In depth understanding of the structural responsiveness and other emerging effects when anchoring flexible MOF crystallites onto substrates is necessary to facilitate the development of flexible MOF-based devices such as highly-selective sensors. Herein, we describe the fabrication of alkylether-functionalised Cu2(DE-bdc)2(dabco) (1) and its analogue Cu2(BME-bdc)2(dabco) (2) as thin films (DE-bdc = 2,5-diethoxy-1,4-benzenedicarboxylate and BME-bdc = 2,5-bis(2-methoxyethoxy)−1,4-benzenedicarboxylate) on SAM-functionalised Au-coated quartz crystal microbalance (QCM) sensors. The growth behaviours and the adsorption profiles are investigated by tracking the QCM frequency change, which is proportional to the mass change based on the Sauerbrey Equation. A study of guest-induced structural flexibility of the thin-films in comparison with the bulk MOFs is performed by in-situ synchrotron grazing incidence X-ray diffraction (GIXRD) during guest adsorption by a custom-built, semi-quantitative vapour adsorption unit (Supplementary Fig. 4). Notably, unique and different structural responsiveness upon methanol sorption in the thin films is observed. This highlights not only the striking effect of anchoring the flexible MOF crystallites onto the substrate surface, but also the marked dependence on the number of LPE deposition cycles (i.e., film thickness) (Fig. 1).

Fig. 1
figure 1

Different structural flexibilities upon methanol sorption of Cu2(DE-bdc)2(dabco) (1bulk) and thin-films (1tfx; x = deposition cycles). Anchoring 1 on the surface affects the structural responsiveness induced by guest sorption, which shows unique breathing behaviour in dependence of the total number of LPE deposition cycles (in other words, the crystallite dimension). Note that, the schematic structures are only suggested structures based on unit cell refinements (Pawley method) of GIXRD patterns of the materials and not a depiction of the actual structures


Structural flexibility of bulk powders

Polycrystalline powder of 1 (1bulk) was synthesised and characterised to establish a benchmark data set for comparison of the structural flexibility of 1 in bulk and as a thin film. 1bulk was prepared by solvothermal reaction of Cu(NO3)2·3H2O with H2DE-bdc and dabco (Fig. 2a) in DMF at 120 °C for 48 h. Upon activation in vacuo overnight at 130 °C, 1bulk undergoes a structural transformation from the solvated, lp form to the guest-free, np form. After solvent removal from the pore of 1bulk, the neighbouring alkylether-functionalised sidechains can interact with each other. Referring to the literatures37,39, single crystal XRD was used to identify the structural evidence of the as-synthesised (solvated) form of Zn-based alkoxyether-functionalised layered-pillared MOFs and Pawley refinements were used to identify the change of lattice parameters with respect to the breathing phenomena upon guest adsorption and desorption.

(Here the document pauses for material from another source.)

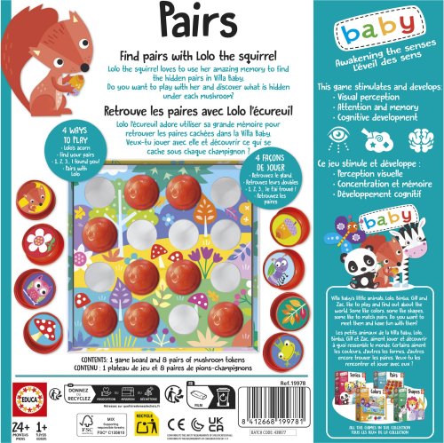 Hra na trénovanie pamäte a experimentovanie. Hľadanie párových obrázkov rôznym spôsobom, spojených aj s dotazovaním dieťaťa. Napríklad všetky hríbiky sú položené na hracej ploche lícom dole. Dieťa si vyberie jeden hríbik, otočí ho, aby zistilo, aký obrázok skrýva, a snaží sa nájsť rovnaký obrázok tým, že si vezme ďalší dielik a vytvorí dvojicu. Rozvíja pozornosť, jemnú motoriku, zvedavosť a predstavivosť. Veľké a silné dieliky pre ľahšie držanie. Učenie formou hry.

This refinement indicated the wine rack-like motion which changes the square M2(fu-bdc)2 grids in the solvated, lp form into rhombic grids in the activated, np form, while the dabco-containing axis remains mostly constant (Supplementary Fig. 5). Herein, we performed Pawley refinements of the lattice parameters of the MeOH-solvated and activated forms of 1bulk and 2bulk from their GIXRD patterns (using synchrotron X-ray radiation with a wavelength of 0.827 Å). (Supplementary Figs. 5 and 7, Supplementary Table 1). In good agreement with the literature, we observe from the Pawley refinements that 1bulk (as well as 2bulk) shows an increase of lattice parameter a and a decrease of lattice parameter b, while lattice parameter c remains constant upon MeOH desolvation. Consequently, these changes of the unit cell parameters lead to a reduction of the total unit cell volume, indicating the guest induced breathing transition (from the solvated, lp form to the activated, np form)37,39. These evidences confirm the structural transition of the copper-based materials 1bulk and 2bulk in a similar manner to their zinc analogues, as well as their thin-films during the sorption of methanol.

Fig. 2
figure 2

Structural responsiveness of 1bulk upon methanol sorption. a Schematic representation of the breathing transformation of 1bulk upon methanol sorption and the representations of its structural components; b In-situ monitoring of GIXRD patterns (X-ray wavelength of 0.827 Å) during methanol sorption at 25 °C. The structural change from the activated, np form to the solvated, lp form is initiated by adsorption of 10% P/P0 methanol and is complete after adsorption of at least 20% P/P0. Desorption of methanol by purging with dry He gas flow regains the activated, np form, which indicates the reversible structural responsiveness of 1bulk

We further investigated the structural flexibility of 1bulk as a response to polar-guest sorption (herein, methanol vapour) at ambient temperature by in-situ GIXRD. According to the GIXRD patterns (Fig. 2b), adsorption of methanol at relative vapour pressure (P/P0) of 10% in a dynamic He stream (blue line plots of GIXRD patterns) initiates the breathing transition in 1bulk from the activated, np form (the main diffraction peak is highlighted with a yellow bar) to the solvated, lp form (highlighted with a green bar). A complete transformation towards the lp form occurs after the relative vapour pressure of the methanol stream is increased to 20% P/P0. Purging the MeOH-solvated 1bulk with dry He gas at 25 °C desorbs methanol and the initial np phase is regained (wine-colour line plots of GIXRD patterns). In addition, polycrystalline powder of 2 (2bulk) exhibits a similar trend of the structural flexibility upon methanol sorption at 25 °C, even though the change of the refined lattice parameters is different (Supplementary Fig. 10). This observation illustrates a way to modulate the structural responsiveness in MOFs even at room temperature by varying size and functionality of the pendent sidechains, which can interact with the guest molecules37.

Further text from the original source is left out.